最後に食事をしたのがいつなのか?またどのくらいの量を摂取したのかを尋ねておきましょう。急変した時の挿管や内視鏡による処置などの選択時に有効な情報になりますので忘れないようにしておきましょう。
⑥E(Events)イベント:ここ最近の状態を確認していきます。普段の生活において変わったことはなかったか?お薬などはきちんと服用できていたのか?など私生活において些細な変化の情報を収集していきましょう。
この二次評価SAMPLEを一次評価ABCDEと組み合わせることで患者さんの情報だけではなく、その背景にあるものが見えてきます。上記の例をあげてまとめていきましょう。
S:目眩があり動悸がする。朝からおさまらないから受診したとのこと。
A:アレルギーは本人に尋ねたところ特にないみたいだ。
M:抗血小板薬を内服している。
P:狭心症での手術歴がありステントを留置しているみたいだ。
L:気分が悪くて朝食は全く食べていない様子。
E:二週間前から症状はあったけど、いつものことだと思って様子を見ていたけど、今日は症状が改善されないから受診した。

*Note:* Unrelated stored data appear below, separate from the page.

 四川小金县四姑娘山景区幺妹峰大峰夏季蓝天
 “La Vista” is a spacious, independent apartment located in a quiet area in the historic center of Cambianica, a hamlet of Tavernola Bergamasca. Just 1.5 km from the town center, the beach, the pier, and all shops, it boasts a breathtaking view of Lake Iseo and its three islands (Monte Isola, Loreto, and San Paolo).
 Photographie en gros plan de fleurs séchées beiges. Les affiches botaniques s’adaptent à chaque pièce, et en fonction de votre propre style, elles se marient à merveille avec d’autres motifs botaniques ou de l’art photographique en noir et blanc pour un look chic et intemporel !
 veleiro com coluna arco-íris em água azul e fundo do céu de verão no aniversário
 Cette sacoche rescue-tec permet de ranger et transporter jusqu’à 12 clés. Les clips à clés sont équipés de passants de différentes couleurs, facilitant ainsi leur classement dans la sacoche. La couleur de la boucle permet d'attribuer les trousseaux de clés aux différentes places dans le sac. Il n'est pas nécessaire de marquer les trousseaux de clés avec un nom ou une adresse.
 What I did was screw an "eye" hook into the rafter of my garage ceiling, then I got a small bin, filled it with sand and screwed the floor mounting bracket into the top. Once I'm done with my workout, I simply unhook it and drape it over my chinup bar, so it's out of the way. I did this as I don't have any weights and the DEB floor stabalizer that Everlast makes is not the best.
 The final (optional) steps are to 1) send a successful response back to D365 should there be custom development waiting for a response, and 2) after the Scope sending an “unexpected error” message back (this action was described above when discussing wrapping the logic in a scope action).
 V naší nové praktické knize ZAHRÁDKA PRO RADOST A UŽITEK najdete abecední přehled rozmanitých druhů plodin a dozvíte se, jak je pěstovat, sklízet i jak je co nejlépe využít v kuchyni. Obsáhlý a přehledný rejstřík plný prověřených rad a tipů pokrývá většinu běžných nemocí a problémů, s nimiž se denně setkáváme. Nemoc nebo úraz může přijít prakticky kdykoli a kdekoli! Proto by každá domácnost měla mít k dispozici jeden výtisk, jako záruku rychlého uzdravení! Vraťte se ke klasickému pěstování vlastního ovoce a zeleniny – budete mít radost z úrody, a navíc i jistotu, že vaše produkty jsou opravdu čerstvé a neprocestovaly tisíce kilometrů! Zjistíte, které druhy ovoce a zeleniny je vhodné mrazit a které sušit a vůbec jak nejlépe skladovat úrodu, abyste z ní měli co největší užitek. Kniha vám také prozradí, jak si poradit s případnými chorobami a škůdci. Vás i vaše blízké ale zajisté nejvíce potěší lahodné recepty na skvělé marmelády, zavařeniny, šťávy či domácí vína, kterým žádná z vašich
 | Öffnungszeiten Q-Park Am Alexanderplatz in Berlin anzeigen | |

既往歴から考えると心疾患による症状の増悪リスクが高いな。12誘導心電図や胸部レントゲンなどの検査も準備しておこう。っとなり診察する医師側からしても具体的に情報が得られているので診療をしっかりと補助できていることがわかりますね。

まとめ

いかがでしたでしょうか?ABCDEとSAMPLEと簡単に覚えることができ、効果的な情報を正確に得ることができるツールであることがお分かりいただけたと思います。致命的な状態に至る8時間前より患者さんはバイタルに異常を示しているというエビデンスがあります。みなさんが適切な初期評価を行うことで助けられる命はたくさんあります。ぜひ活用してみてください。